Dataset extract →

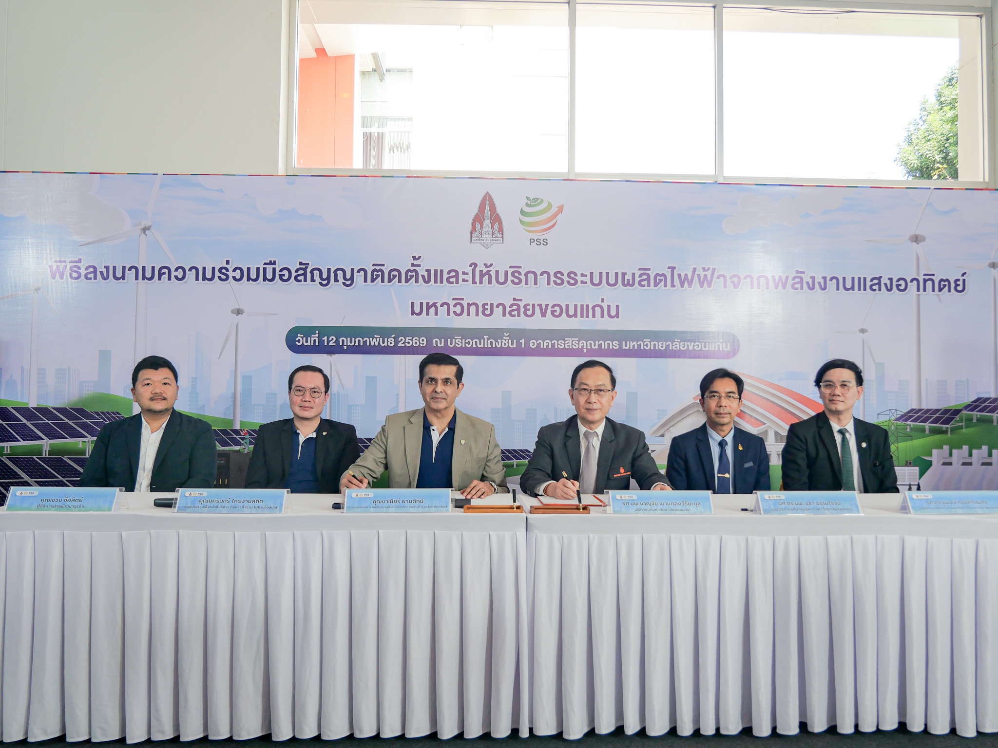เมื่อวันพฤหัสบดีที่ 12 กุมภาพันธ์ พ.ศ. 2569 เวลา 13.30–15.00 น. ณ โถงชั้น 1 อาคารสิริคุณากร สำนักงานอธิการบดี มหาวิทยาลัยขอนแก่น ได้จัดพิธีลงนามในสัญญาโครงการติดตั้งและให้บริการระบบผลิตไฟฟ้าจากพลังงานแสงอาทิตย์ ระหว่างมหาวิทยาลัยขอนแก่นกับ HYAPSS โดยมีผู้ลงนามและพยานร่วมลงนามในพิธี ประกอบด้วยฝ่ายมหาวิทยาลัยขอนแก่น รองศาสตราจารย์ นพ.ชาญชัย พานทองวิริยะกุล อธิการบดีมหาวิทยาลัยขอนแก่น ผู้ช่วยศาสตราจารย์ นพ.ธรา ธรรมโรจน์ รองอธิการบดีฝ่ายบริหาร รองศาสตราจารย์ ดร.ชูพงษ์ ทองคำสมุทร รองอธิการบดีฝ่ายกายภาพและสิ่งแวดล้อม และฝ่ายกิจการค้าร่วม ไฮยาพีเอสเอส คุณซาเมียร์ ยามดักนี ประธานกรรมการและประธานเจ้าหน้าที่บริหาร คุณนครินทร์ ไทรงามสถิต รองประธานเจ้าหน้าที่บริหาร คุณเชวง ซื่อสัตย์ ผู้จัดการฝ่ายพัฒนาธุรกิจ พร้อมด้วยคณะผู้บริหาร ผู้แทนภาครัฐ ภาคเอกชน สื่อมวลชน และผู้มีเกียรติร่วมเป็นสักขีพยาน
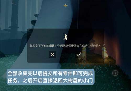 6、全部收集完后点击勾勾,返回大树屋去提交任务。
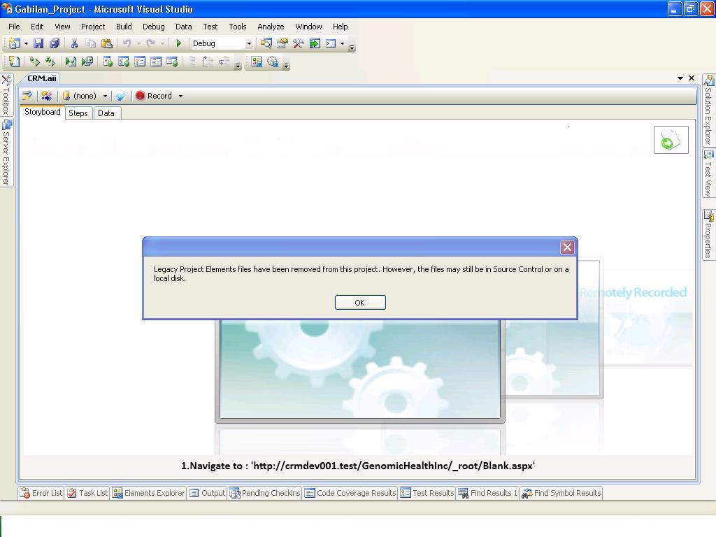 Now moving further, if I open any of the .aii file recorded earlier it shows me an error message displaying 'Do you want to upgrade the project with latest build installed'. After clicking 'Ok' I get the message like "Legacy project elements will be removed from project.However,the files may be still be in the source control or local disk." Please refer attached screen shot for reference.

What to work on → Restate exactly the lines that start at the "6、全部收集完后点击勾勾,返回大树屋去提交任务。" line and end with the last line of the material above, leaving out the pictures.

Response to the exercise →
 6、全部收集完后点击勾勾,返回大树屋去提交任务。
 Now moving further, if I open any of the .aii file recorded earlier it shows me an error message displaying 'Do you want to upgrade the project with latest build installed'. After clicking 'Ok' I get the message like "Legacy project elements will be removed from project.However,the files may be still be in the source control or local disk." Please refer attached screen shot for reference.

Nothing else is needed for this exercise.